Write out all of the records exactly once more and skip the images.

* **RECORDS SHOWN**:

BEGIN

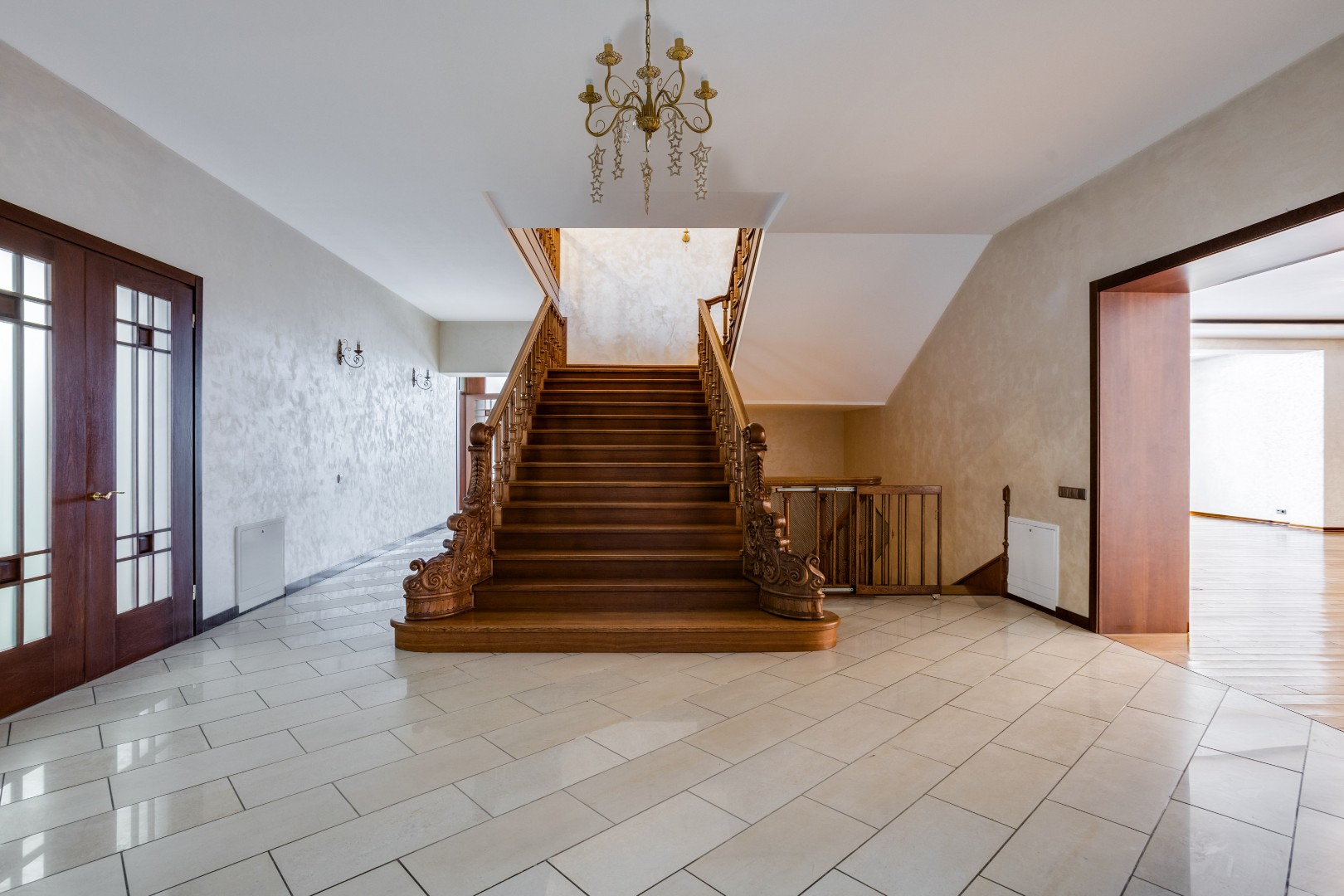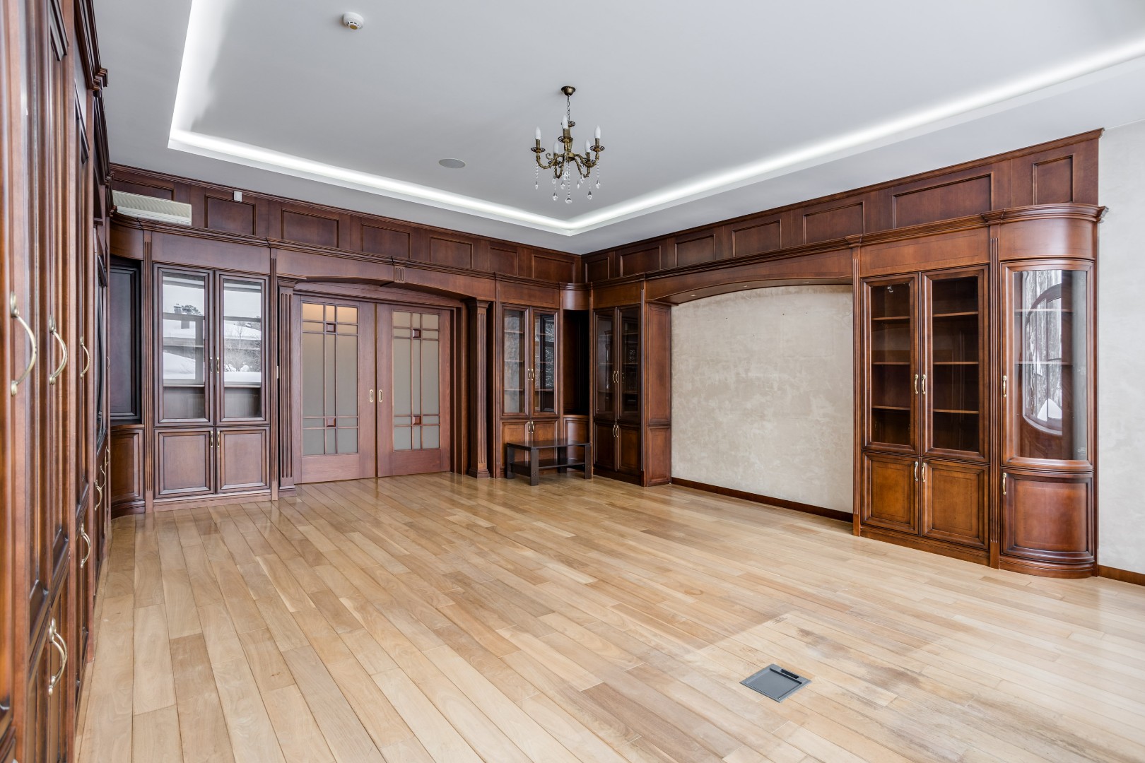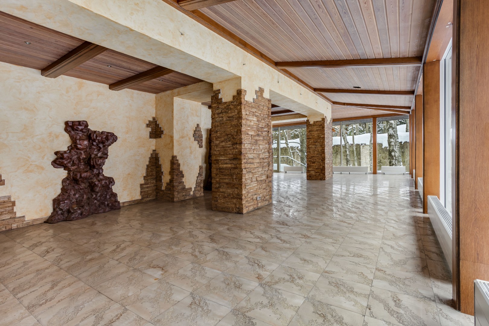 В доме выполнена отделка по индивидуальному проекту, в классическом стиле с использованием теплых оттенков, фактуры камня и дерева. Благодаря большим окнам в пол пространство наполнено воздухом и светом. Цокольный этаж предусматривает отдельные помещения для персонала. Все коммуникации - центральные: газоснабжение, электроснабжение, холодное водоснабжение, канализация. В собственности резидентов — 9 гектаров леса с прогулочными дорожками и велодорожками, зонами барбекю и приватными рекреационными пространствами.
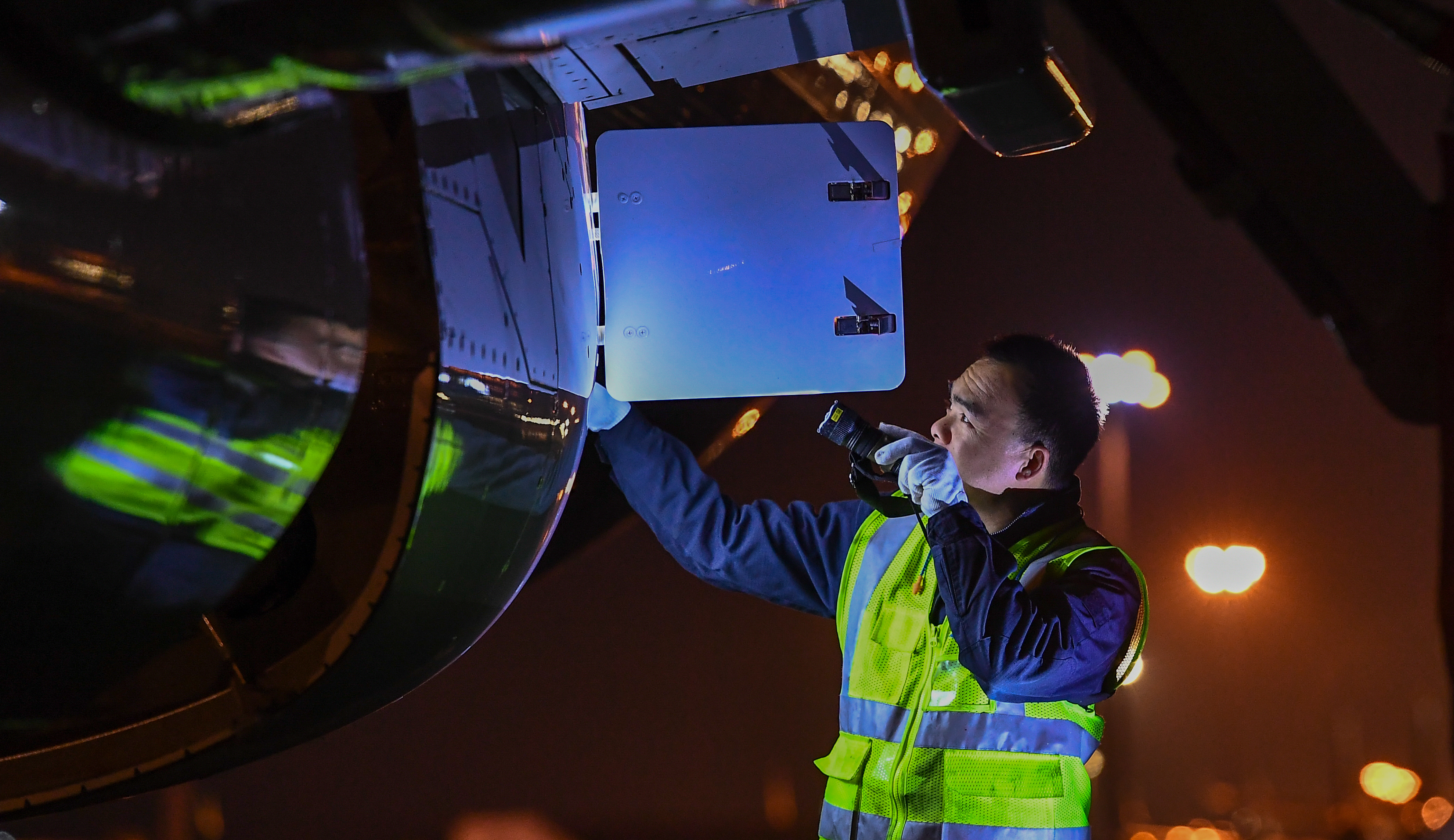 1月11日,在海口美兰国际机场停机坪上,南航工程技术分公司机务工程师对飞机进行深度检查。新华社记者 杨冠宇 摄
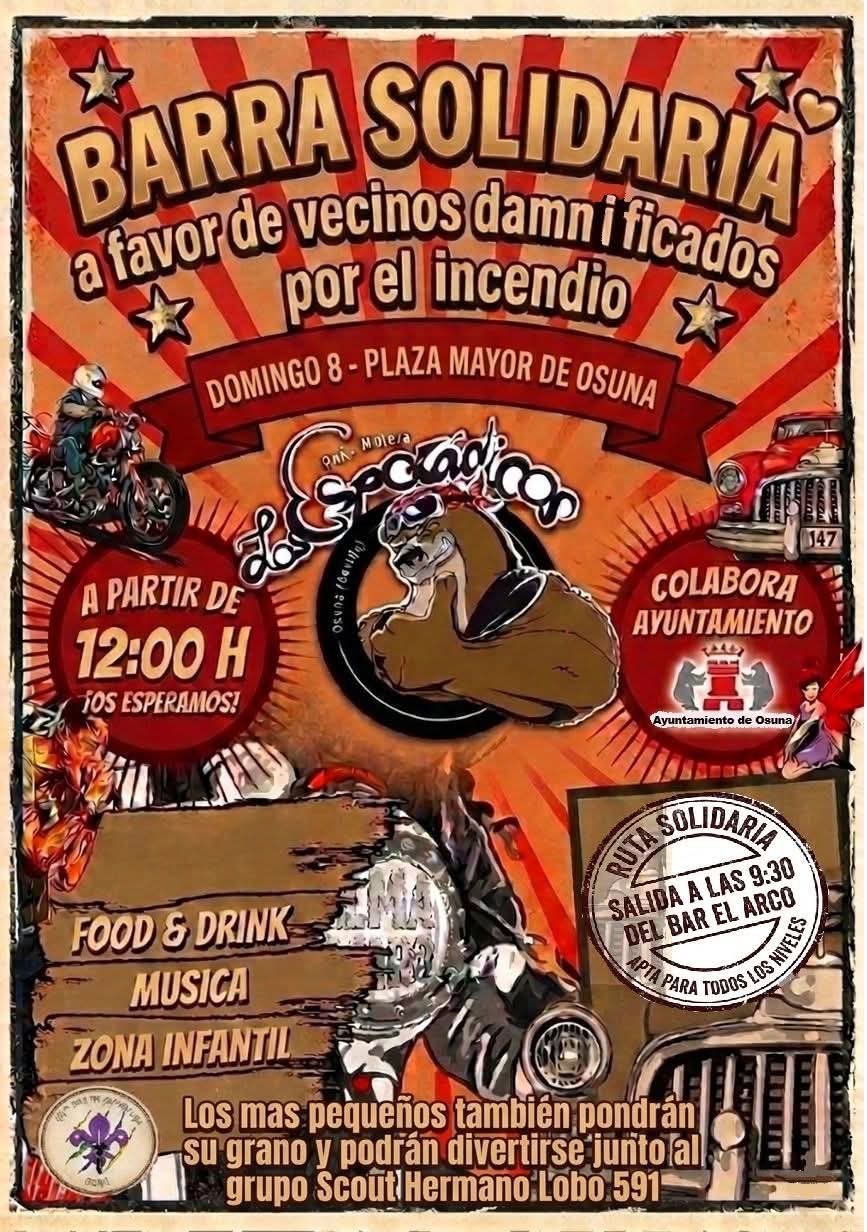 El próximo domingo 8 de marzo, la Peña Motera Los Esporádicos, con la colaboración del Ayuntamiento de Osuna, organizará una 𝗯𝗮𝗿𝗿𝗮 𝘀𝗼𝗹𝗶𝗱𝗮𝗿𝗶𝗮 𝗲𝗻 𝗹𝗮 𝗣𝗹𝗮𝘇𝗮 𝗠𝗮𝘆𝗼𝗿 de Osuna a partir de las 12:00 h, cuya recaudación íntegra irá destinada a la 𝗳𝗮𝗺𝗶𝗹𝗶𝗮 𝗮𝗳𝗲𝗰𝘁𝗮𝗱𝗮 recientemente por el 𝗶𝗻𝗰𝗲𝗻𝗱𝗶𝗼 𝗱𝗲 𝘀𝘂 𝘃𝗶𝘃𝗶𝗲𝗻𝗱𝗮.
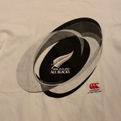 ラグビーの世界ランキングで常に上位に位置し、ワールドカップにおいて3度の優勝を誇る強豪国・ニュージーランドの代表チーム『ALL BLACKS』のロゴが入ったグラフィックが目を引く王道の雰囲気の一枚です。
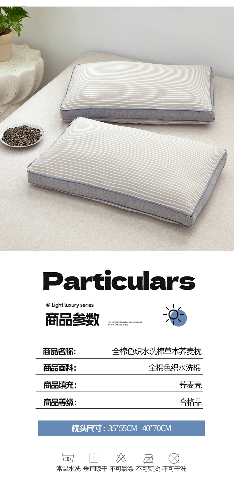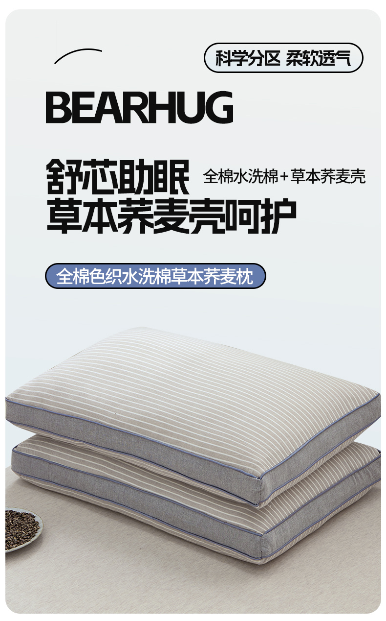 商品名称:(总)梦叶草 2024新款全棉色织水洗棉条纹系列草本荞麦枕
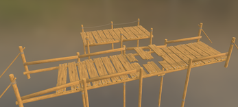 Wooden bridge and port: broken planks let characters fall through — perfect for old or abandoned scenes.
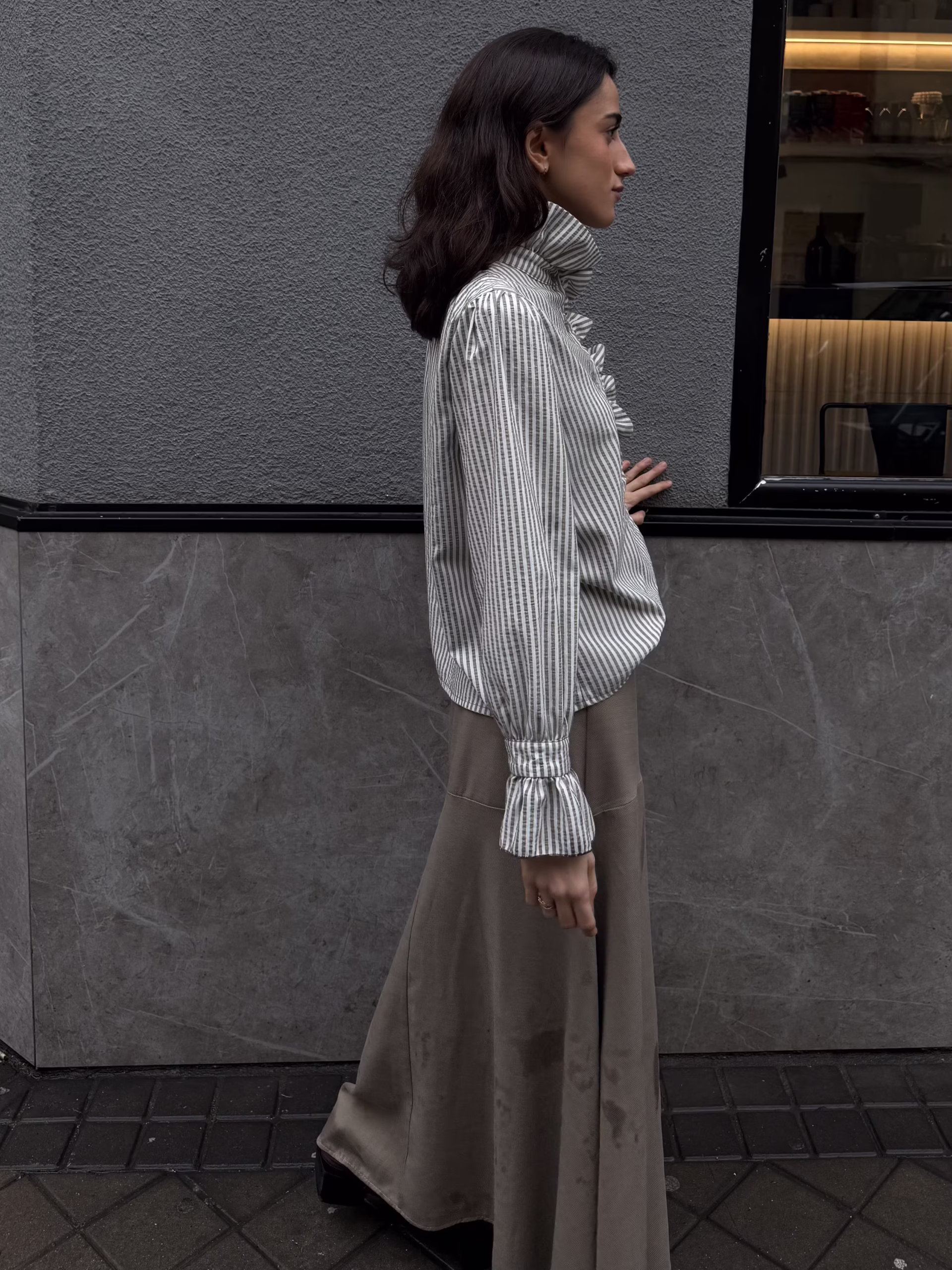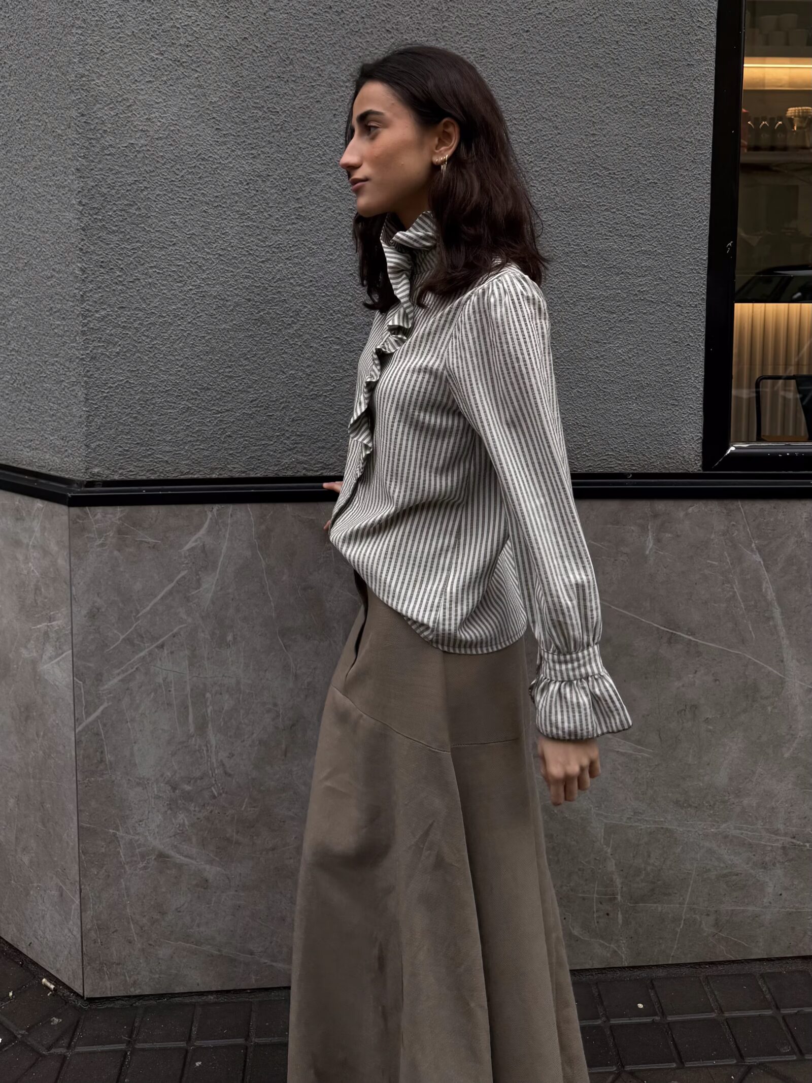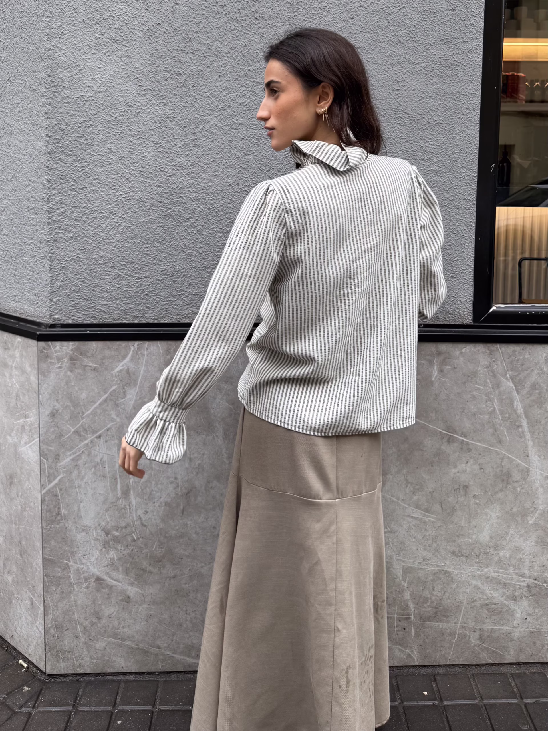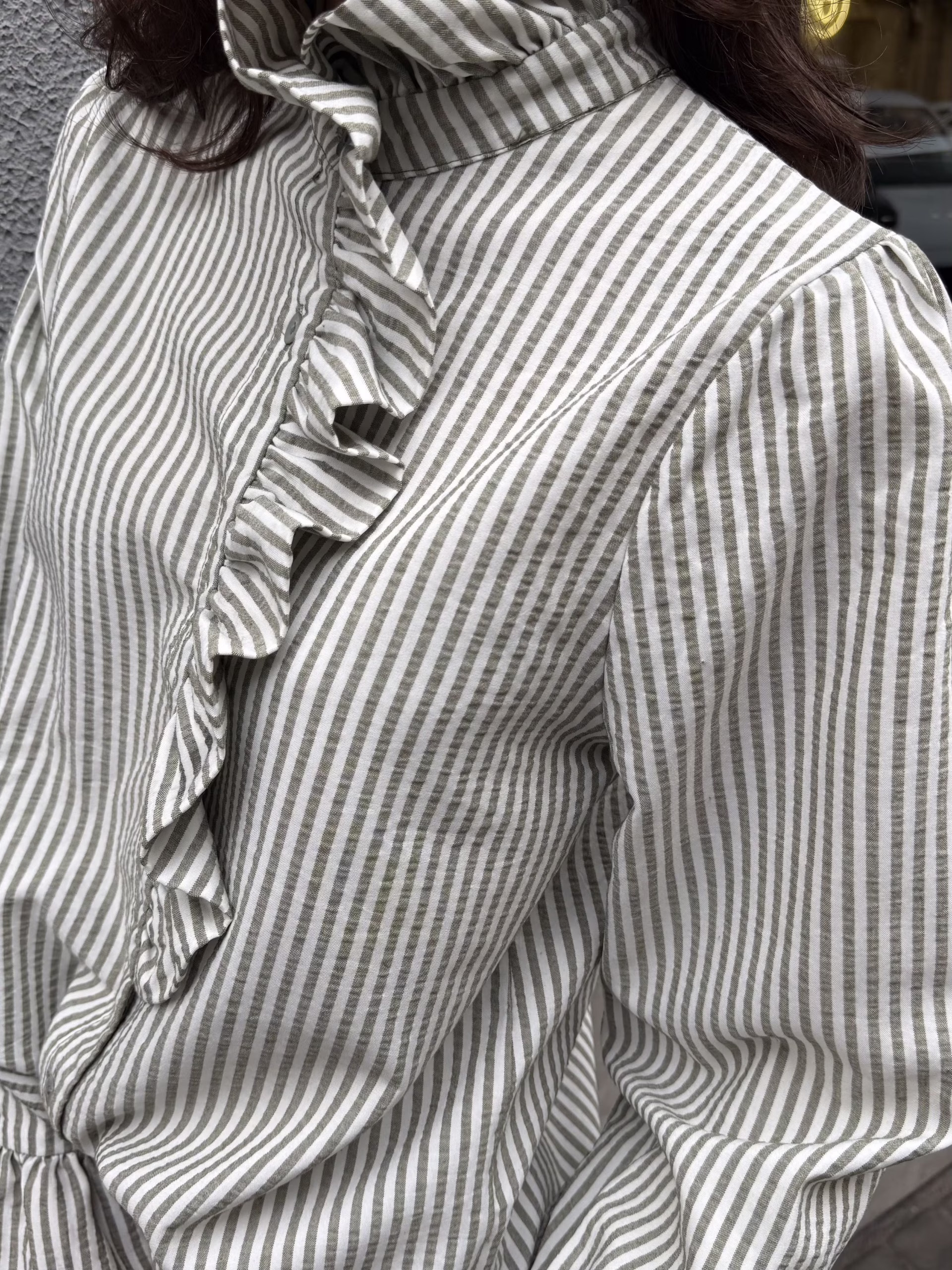 Blusa de rayas verticales en tono sable con volante frontal asimétrico y cuello ligeramente elevado.

END

* **EXERCISE RESULT**:
 В доме выполнена отделка по индивидуальному проекту, в классическом стиле с использованием теплых оттенков, фактуры камня и дерева. Благодаря большим окнам в пол пространство наполнено воздухом и светом. Цокольный этаж предусматривает отдельные помещения для персонала. Все коммуникации - центральные: газоснабжение, электроснабжение, холодное водоснабжение, канализация. В собственности резидентов — 9 гектаров леса с прогулочными дорожками и велодорожками, зонами барбекю и приватными рекреационными пространствами.
 1月11日,在海口美兰国际机场停机坪上,南航工程技术分公司机务工程师对飞机进行深度检查。新华社记者 杨冠宇 摄
 El próximo domingo 8 de marzo, la Peña Motera Los Esporádicos, con la colaboración del Ayuntamiento de Osuna, organizará una 𝗯𝗮𝗿𝗿𝗮 𝘀𝗼𝗹𝗶𝗱𝗮𝗿𝗶𝗮 𝗲𝗻 𝗹𝗮 𝗣𝗹𝗮𝘇𝗮 𝗠𝗮𝘆𝗼𝗿 de Osuna a partir de las 12:00 h, cuya recaudación íntegra irá destinada a la 𝗳𝗮𝗺𝗶𝗹𝗶𝗮 𝗮𝗳𝗲𝗰𝘁𝗮𝗱𝗮 recientemente por el 𝗶𝗻𝗰𝗲𝗻𝗱𝗶𝗼 𝗱𝗲 𝘀𝘂 𝘃𝗶𝘃𝗶𝗲𝗻𝗱𝗮.
 ラグビーの世界ランキングで常に上位に位置し、ワールドカップにおいて3度の優勝を誇る強豪国・ニュージーランドの代表チーム『ALL BLACKS』のロゴが入ったグラフィックが目を引く王道の雰囲気の一枚です。
 商品名称:(总)梦叶草 2024新款全棉色织水洗棉条纹系列草本荞麦枕
 Wooden bridge and port: broken planks let characters fall through — perfect for old or abandoned scenes.
 Blusa de rayas verticales en tono sable con volante frontal asimétrico y cuello ligeramente elevado.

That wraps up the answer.